Smartphone Malware

by Mike Barry
CEO Fort Collins Web Works LLC

Smartphones are really just small portable computers, and any computer that can be programmed can be attacked by hackers. They haven't bothered with smartphones because they just haven't been popular enough, but smartphones are expected to outsell computers this year, making them a valuable target for malware. The security firm Lookout has already found malware on 9% of the smartphones they tested in May 2010.

You can infect your smartphone by downloading an infected app or by connecting your phone to an infected computer. Some hackers download a legitimate app, insert their malware, and then put it on a website where you can download it for free, so only download apps from websites that you trust. Apple and Microsoft prevent smartphone malware by requiring users to download apps from their website and testing the apps before they make them available to users. Anyone can publish an app for the Android, but Google is trying to eliminate apps with malware. Google found malware that had infected over 200,000 smartphones in their Android Market. They remotely removed over 50 apps by Myournet, Kingmall2010 and we20090202 from Android smartphones.

Smartphone malware can place calls or text messages to premium numbers, running up huge charges on your phone bill, send your banking security codes back to the hackers, download other apps, or send contact information back to the hackers. Androids, Blackberries, and iPhones have all been attacked by malware. The Android.Pjapps sends text messages to premium numbers and then blocks incoming texts coming from your carrier so you can't tell that you have exceeded your quota.

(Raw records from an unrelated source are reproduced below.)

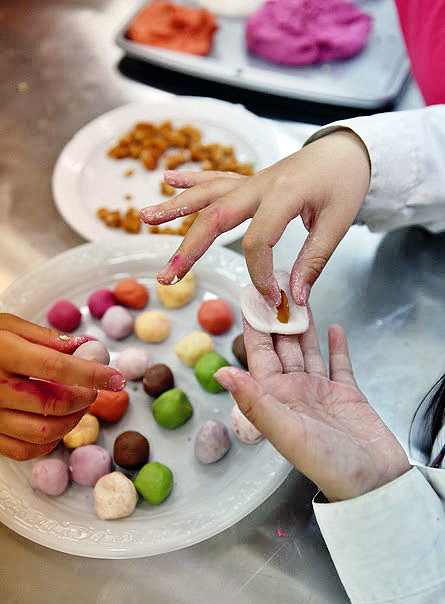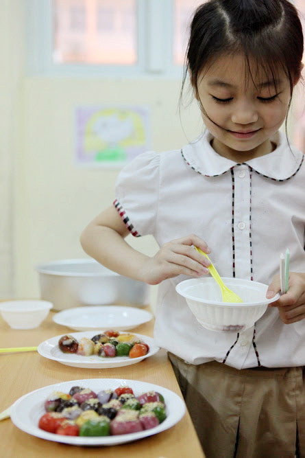 Những đĩa bánh trôi bảy màu độc đáo và bắt mắt được các em nhỏ hoàn thành trong bài học ngoại khóa.
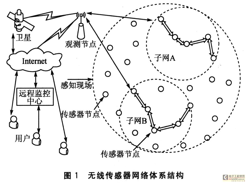 無線傳感器網絡是由大量部署在觀測環境中的微型、廉價、低功耗的傳感器節點,以無線、自組織的方式,通過多跳通信而快速形成的網絡系統。WSN的典型布撒是通過飛行器撒播、人工埋置和火箭彈射等方式來完成的。圖1給出了傳感器網絡體系結構一般形式的描述。
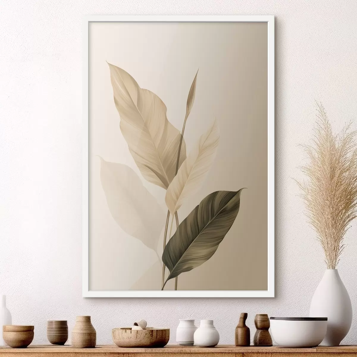 Poster Grandi foglie tropicali nei toni del beige e del marrone, su uno sfondo chiaro Nr f48725

If you find that your smartphone has been infected by malware, F-Secure, Symantec and Kaspersky sell security software for smartphones that will remove it and prevent more infections.

Even legitimate applications can cause problems. Most smartphones have GPS units that allow them to track where you have been, and if those that don't have GPS can track your approximate location based on which cell phone towers detect your signal. Tracking ability was designed into the cell phones so law enforcement could track your location whenever your phone is turned on, and so your phone company knows when they can charge premium rates when you leave your home territory. One smartphone user turned on his phone a few times during a vacation to Mexico just to see if he could get service. He didn't make any calls or receive any calls, but his service provider noted that he was out of the country so all the calls made to his number that were routed to voicemail got charged at premium rates and it cost him over $100. Some app developers have been caught collecting your private information including where you have been, and then selling it to marketing companies. Unfortunately there isn't any way to prevent this kind of abuse.

Most smartphones store the files with your tracking data at the phone company, but Apple iPhones and iPods store the data on your local device and on any computers that you use to sync your iPhone or iPod. Storing your whereabouts on other computers increases the chances that someone else will hack a system that tells them where you have been. Peter Warden and Alasdair Allan created a nice website that explains how to read the location files on your Apple products.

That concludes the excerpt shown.